Do Architectures built using tf.keras.Models.Sequential run more slowly and accurately than those using Tensorflow's Functional API

Question

I just compared 2 (I thought) equivalent VGG-ish architectures. One was constructed using tf.keras.Models.Sequential, the other used Tensorflow’s functional API. Each was attempting to solve the cats_vs_dogs dataset.

After 10 training epochs, the Sequential model had these runtimes and accuracies:

Epoch 10/10
703/703 [==============] - 16s 23ms/step - accuracy: 0.9271 - val_accuracy: 0.8488

But the Functional API output had these runtimes and accuracies:

Epoch 10/10
703/703 [==============] - 15s 22ms/step - accuracy: 0.8483 - val_accuracy: 0.8072

The differences in training times and accuracy struck me as severe. The training time differences were less severe, but consistent. Now I’m wondering if my nets are truly equivalent, or if there’s some difference between Sequential and the Functional API that accounts for this.

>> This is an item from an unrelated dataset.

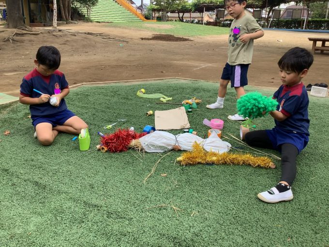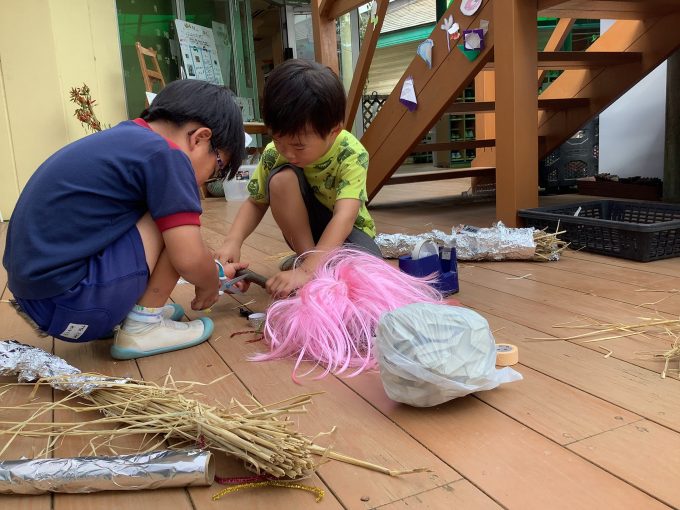 デッサンを元に、昨年の松組が殘してくれたわらやアルミホイルなどを使ってかかしをたくさん作っていきました!

I imported the following modules:

import tensorflow as tf
import tensorflow_datasets as tfds
from tensorflow.keras.optimizers import RMSprop

They used these versions of tf & tfds:

Tensorflow Version: 2.10.0 
Tensorflow_Datasets Version: 4.7.0+nightly (Note: This was what I got from Conda - 
                                            not a purposeful choice)

I downloaded the cats vs. dogs datasets directly from Kaggle, since there was some checksum error when I tried to download using the tf methods for downloading standard datasets. I ultimately had to remove some files that were deleted (!?) or were using CMYK color coding (!?), but there were fewer than 10 such images.

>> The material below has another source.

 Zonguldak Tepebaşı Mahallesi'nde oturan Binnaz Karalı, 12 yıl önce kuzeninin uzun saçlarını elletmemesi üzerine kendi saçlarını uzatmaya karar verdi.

I constructed the datasets in this way:

builder = tfds.folder_dataset.ImageFolder('./cat_vs_dog/')
dataset = builder.as_dataset(split='train', shuffle_files=True)
d2 = builder.as_dataset(split='test', shuffle_files=True)

def preprocess(features):
   # Resize and normalize
   image = tf.image.resize(features['image'], (224, 224))
   return tf.cast(image, tf.float32) / 255., features['label']

# preprocess dataset
dataset = dataset.map(preprocess).batch(32)
d2 = d2.map(preprocess).batch(32)

The relevant factors from builder.info are:

tfds.core.DatasetInfo(
    features=FeaturesDict({
        'image': Image(shape=(None, None, 3), dtype=tf.uint8),
        'image/filename': Text(shape=(), dtype=tf.string),
        'label': ClassLabel(shape=(), dtype=tf.int64, num_classes=2),
    }),
    supervised_keys=('image', 'label'),
    disable_shuffling=False,
    splits={
        'test': <SplitInfo num_examples=2500, num_shards=1>,
        'train': <SplitInfo num_examples=22495, num_shards=1>,
    },
)

I constructed the Sequential model like this:

def seq_model():

  model = tf.keras.models.Sequential([ 
      tf.keras.layers.Conv2D(32, (3, 3), activation = 'relu', 
                             input_shape = (224, 224, 3)),
      tf.keras.layers.MaxPooling2D(2, 2),
      tf.keras.layers.Conv2D(64, (3, 3), activation = 'relu'),
      tf.keras.layers.MaxPooling2D(2,2),
      tf.keras.layers.Conv2D(128, (3, 3), activation = 'relu'),
      tf.keras.layers.MaxPooling2D(2, 2),
      tf.keras.layers.Conv2D(128, (3, 3), activation = 'relu'),
      tf.keras.layers.MaxPooling2D(2, 2),
      tf.keras.layers.Flatten(),
      tf.keras.layers.Dense(512, activation = 'relu'),
      tf.keras.layers.Dense(1, activation = 'sigmoid'),
  ])

  model.compile(optimizer = RMSprop(learning_rate = 1e-4),
                loss = 'binary_crossentropy',
                metrics = ['accuracy']) 
    

  return model
  
model = seq_model()
history = model.fit(dataset, validation_data=d2, epochs=10)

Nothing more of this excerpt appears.